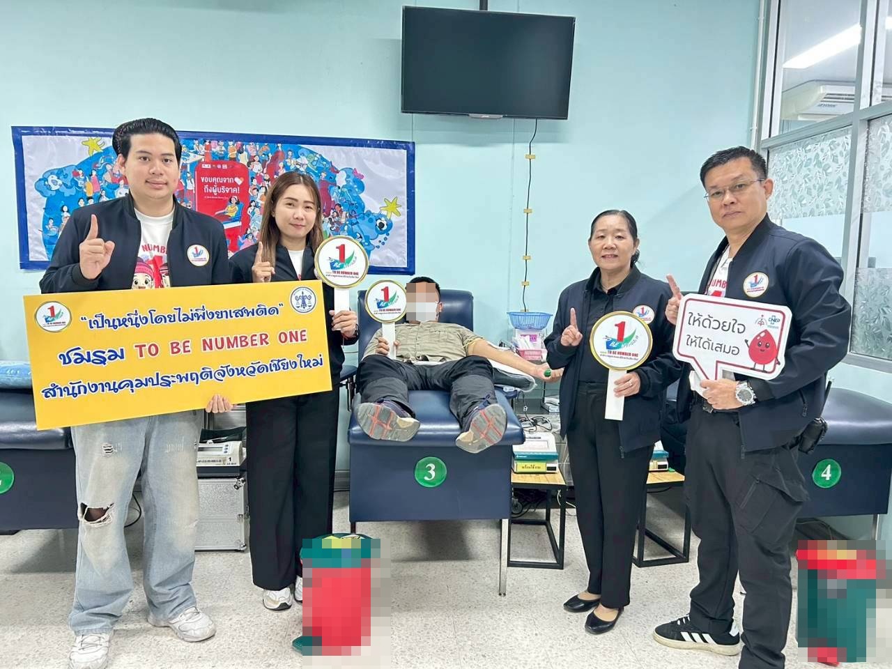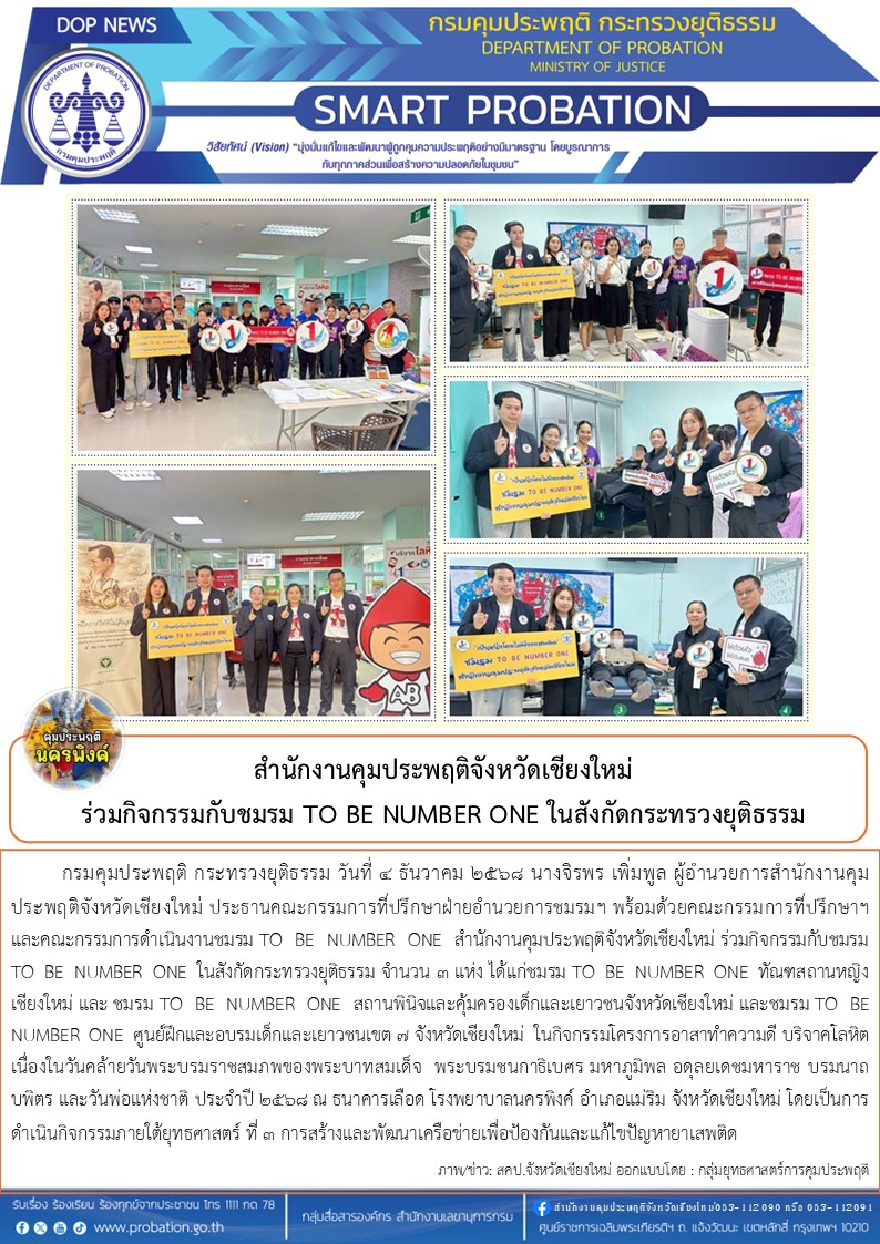 วันที่ 4 ธันวาคม 2568 นางจิรพร เพิ่มพูล ผู้อำนวยการสำนักงานคุมประพฤติจังหวัดเชียงใหม่ ประธานคณะกรรมการที่ปรึกษาฝ่ายอำนวยการชมรมฯ พร้อมด้วยคณะกรรมการที่ปรึกษาฯ และคณะกรรมการดำเนินงานชมรม TO BE NUMBER ONE สำนักงานคุมประพฤติจังหวัดเชียงใหม่ ร่วมกิจกรรมกับชมรม TO BE NUMBER ONE ในสังกัดกระทรวงยุติธรรม จำนวน 3 แห่ง ได้แก่ชมรม TO BE NUMBER ONE ทัณฑสถานหญิงเชียงใหม่ และ ชมรม TO BE NUMBER ONE สถานพินิจและคุ้มครองเด็กและเยาวชนจังหวัดเชียงใหม่ และชมรม TO BE NUMBER ONE ศูนย์ฝึกและอบรมเด็กและเยาวชนเขต 7 จังหวัดเชียงใหม่ ในกิจกรรมโครงการอาสาทำความดี บริจาคโลหิต เนื่องในวันคล้ายวันพระบรมราชสมภพของพระบาทสมเด็จ พระบรมชนกาธิเบศร มหาภูมิพล อดุลยเดชมหาราช บรมนาถบพิตร และวันพ่อแห่งชาติ ประจำปี 2568 ณ ธนาคารเลือด โรงพยาบาลนครพิงค์ อำเภอแม่ริม จังหวัดเชียงใหม่ โดยเป็นการดำเนินกิจกรรมภายใต้ยุทธศาสตร์ ที่ 3 การสร้างและพัฒนาเครือข่ายเพื่อป้องกันและแก้ไขปัญหายาเสพติด
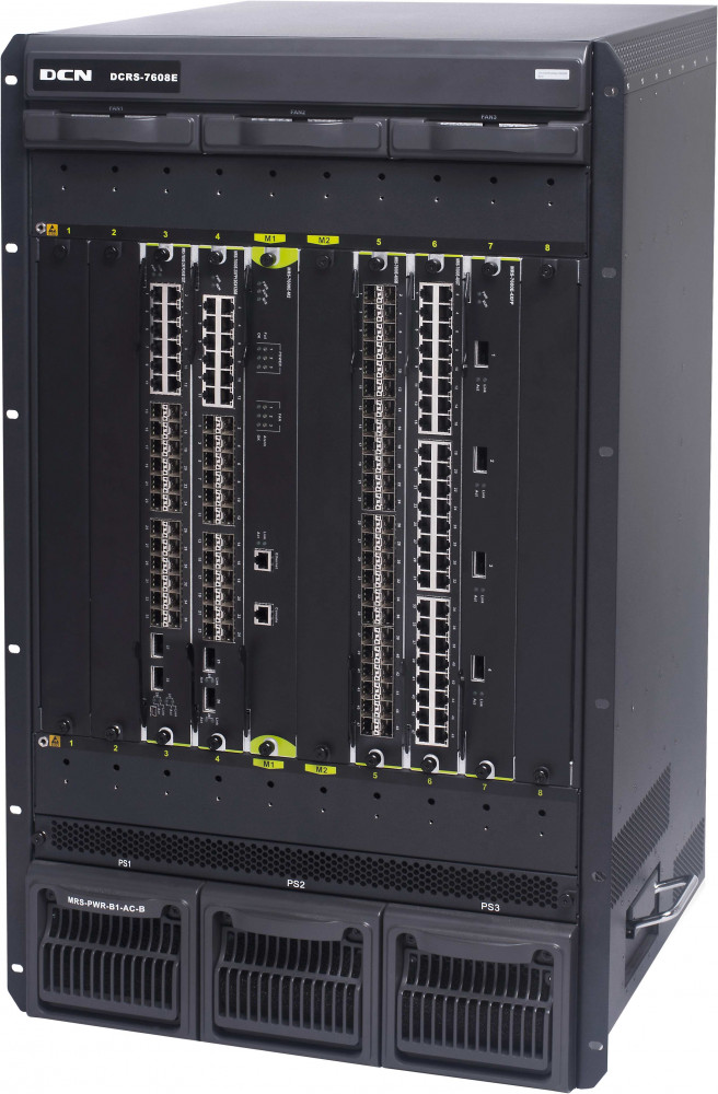DCRS-7608E memiliki 10 slot. Ini memiliki 2 slot manajemen dan 8 slot bisnis. Semua konfigurasi slot bisnis dapat berupa kombinasi apa pun dari modul antarmuka jaringan.
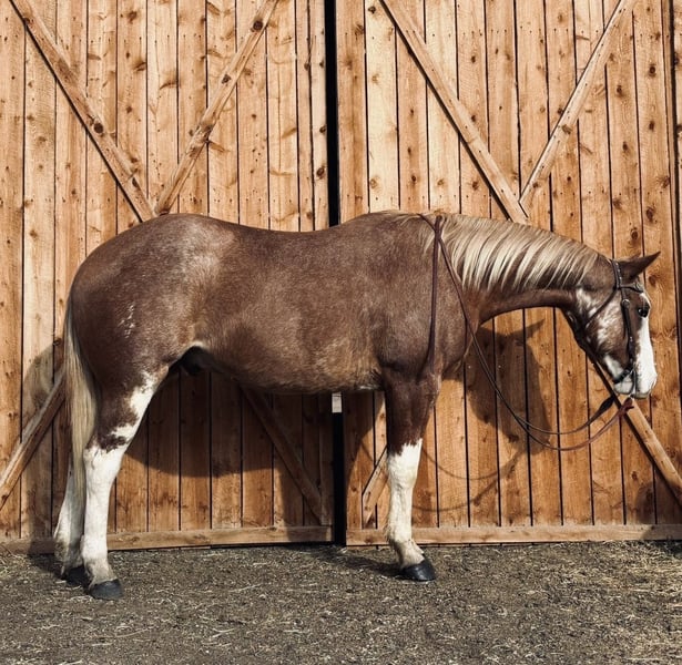 "AVAILABLE ON ONLINE HORSE AUCTION AT www.MagicHorseAuction.com BIDDING OPEN NOW thru TUESDAY | FEBRUARY 3RD! BUY IT NOW AVAILABLE! *Final price will be determined on auction site* CONSIGNOR CONTACT INFO: DYNAMITE HORSES # 970-632-3644 LOCATION: FORT COLLINS, CO" "★ RCR ENCHANTED CRUSH ★★ Registered APHA Gelding | 16.1 Hands | Built • Broke • Ready to Show or Go Trail “Chevy” is a striking registered APHA gelding standing a solid 16.1 hands, built like a tank with textbook conformation, strong feet, and an exceptional mind to match. His presence is as powerful as his pedigree — this is a gelding bred to impress and trained to perform. Chevy was successfully shown in walk/trot and in-hand classes as a two-year-old, and he’s since developed into an incredibly well-rounded mount with the training and talent to compete at higher levels. In the arena, he’s a dream to ride — effortlessly moving through walk, jog, and lope with flowy transitions and natural self-carriage. His stop is smooth, his turns on the haunches are balanced and correct, and his handle is light and responsive. But Chevy isn’t just an arena horse — he’s been exposed to plenty of real-world situations and shines just as bright out on the trail. From busy traffic to bikes, dogs, strollers, and chaotic urban scenes, nothing rattles him. He crosses water, tarps, and bridges, and confidently tackles whatever you point him at. Whether he’s cruising through the countryside or navigating the bustle of town, he stays calm, focused, and willing. This is a young gelding with the kind of foundation most riders dream of — broke, exposed, trained, and ready to go in just about any direction. Whether you’re headed to the show ring, looking for a trail partner, or want a versatile ranch prospect, Chevy checks every box with style. 📽️ Watch his video and take a look at his papers — this one is the total package. Come meet Chevy in person and see just how special he is."
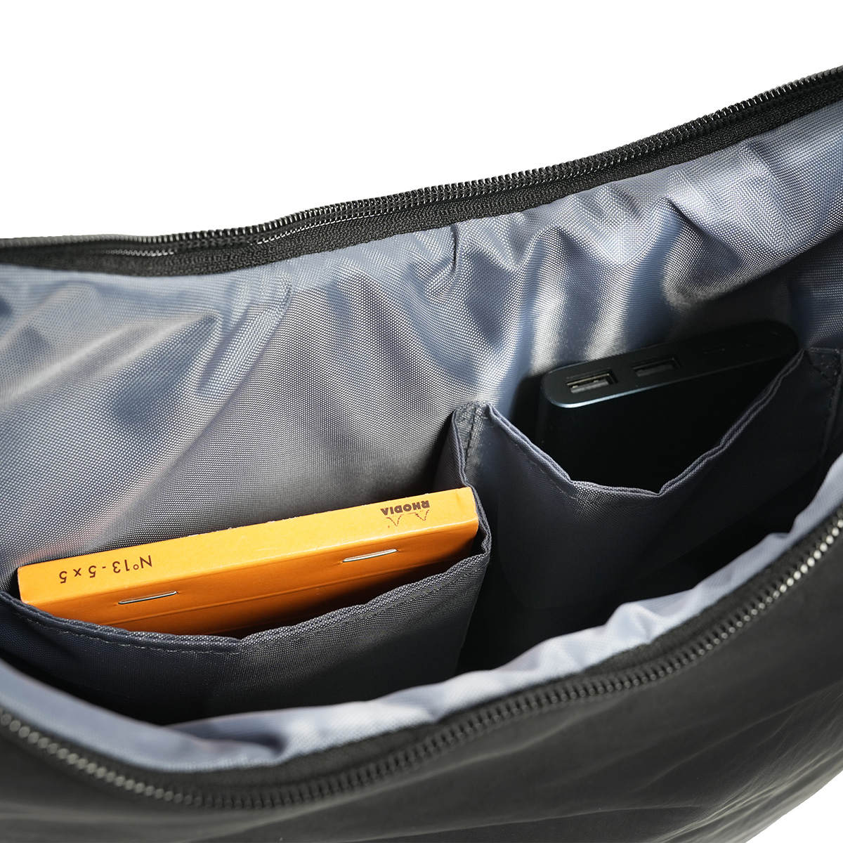 メイン収納はダブルファスナー仕様です。財布や眼鏡、ポーチなど、細々とした小物はもちろん、タブレットや折り畳み傘などの大きい持ち物も入れられます。
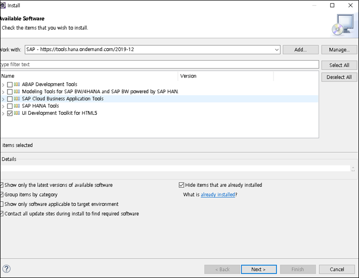 Eclipse 실행 > Help >> Install New Software > Add > Name: SAP, Location: https://tools.hana.ondemand.com/2019-12 입력 > Add 버튼 클릭 > UI Development ToolKit for HTML5 체크 후 Next ... > Eclipse 재시작 하여 설치 완료
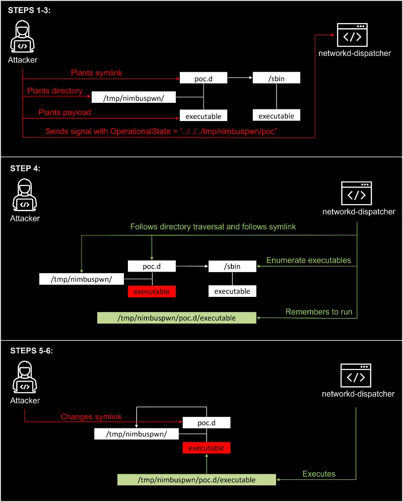 发现这些漏洞是从“监听系统总线上的消息”开始的,这促使研究人员审查 networkd-dispatcher 的代码流。微软研究员Jonathan Bar Or在报告中解释说,Nimbuspwn 的安全缺陷是指目录穿越、符号链接竞赛和检查时间-使用时间(TOCTOU)竞赛条件问题。
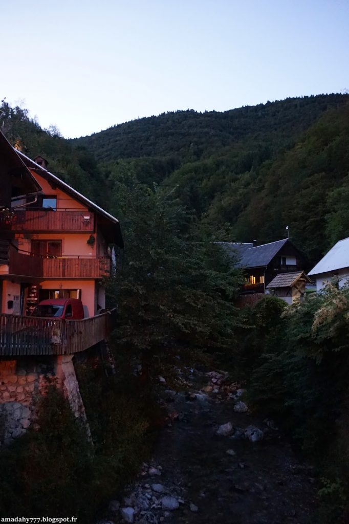 2720 Km parcourus ce jour depuis Bordeaux. Nous sommes arrivés en Slovénie, en passant par Bled. Déception à la vue du lac, qui me fait penser à Aix les bains et le lac du Bourget ou encore les rives du lac d'Annecy. Très touristique, aucun charme. Nous continuons notre route jusqu'à Bonhinj où nous trouverons un camping où nous poser pour 2 nuits. Nous passons la soirée en bordure du lac pour le dîner à admirer le coucher de soleil et nous rendons ensuite dans un petit village où il y avait une fête "locale", des locaux nous avaient donné le plan. Des personnes de tout âges vêtus à l'ancienne, petits spectacles et discours auxquels nous ne comprenons rien. Les habitants serviront ensuite des verres de shooter comprenant des liqueurs extrêmement fortes et surement locale. Bien que tout ce que nous avons vu jusqu'à présent était vraiment très beau, mon coup de cœur va pour cette région en Slovénie. Un charme et une tranquillité que je n'ai pas trouvé ailleurs, des habitants d'une grande simplicité et d'une belle gentillesse.

__________________________________________________

*Assignment*. In the records above, find the line containing "DCRS-7608E memiliki 10" and output every line from the first through that one, exactly, omitting pictures.

*Exercise solution*.
 วันที่ 4 ธันวาคม 2568 นางจิรพร เพิ่มพูล ผู้อำนวยการสำนักงานคุมประพฤติจังหวัดเชียงใหม่ ประธานคณะกรรมการที่ปรึกษาฝ่ายอำนวยการชมรมฯ พร้อมด้วยคณะกรรมการที่ปรึกษาฯ และคณะกรรมการดำเนินงานชมรม TO BE NUMBER ONE สำนักงานคุมประพฤติจังหวัดเชียงใหม่ ร่วมกิจกรรมกับชมรม TO BE NUMBER ONE ในสังกัดกระทรวงยุติธรรม จำนวน 3 แห่ง ได้แก่ชมรม TO BE NUMBER ONE ทัณฑสถานหญิงเชียงใหม่ และ ชมรม TO BE NUMBER ONE สถานพินิจและคุ้มครองเด็กและเยาวชนจังหวัดเชียงใหม่ และชมรม TO BE NUMBER ONE ศูนย์ฝึกและอบรมเด็กและเยาวชนเขต 7 จังหวัดเชียงใหม่ ในกิจกรรมโครงการอาสาทำความดี บริจาคโลหิต เนื่องในวันคล้ายวันพระบรมราชสมภพของพระบาทสมเด็จ พระบรมชนกาธิเบศร มหาภูมิพล อดุลยเดชมหาราช บรมนาถบพิตร และวันพ่อแห่งชาติ ประจำปี 2568 ณ ธนาคารเลือด โรงพยาบาลนครพิงค์ อำเภอแม่ริม จังหวัดเชียงใหม่ โดยเป็นการดำเนินกิจกรรมภายใต้ยุทธศาสตร์ ที่ 3 การสร้างและพัฒนาเครือข่ายเพื่อป้องกันและแก้ไขปัญหายาเสพติด
DCRS-7608E memiliki 10 slot. Ini memiliki 2 slot manajemen dan 8 slot bisnis. Semua konfigurasi slot bisnis dapat berupa kombinasi apa pun dari modul antarmuka jaringan.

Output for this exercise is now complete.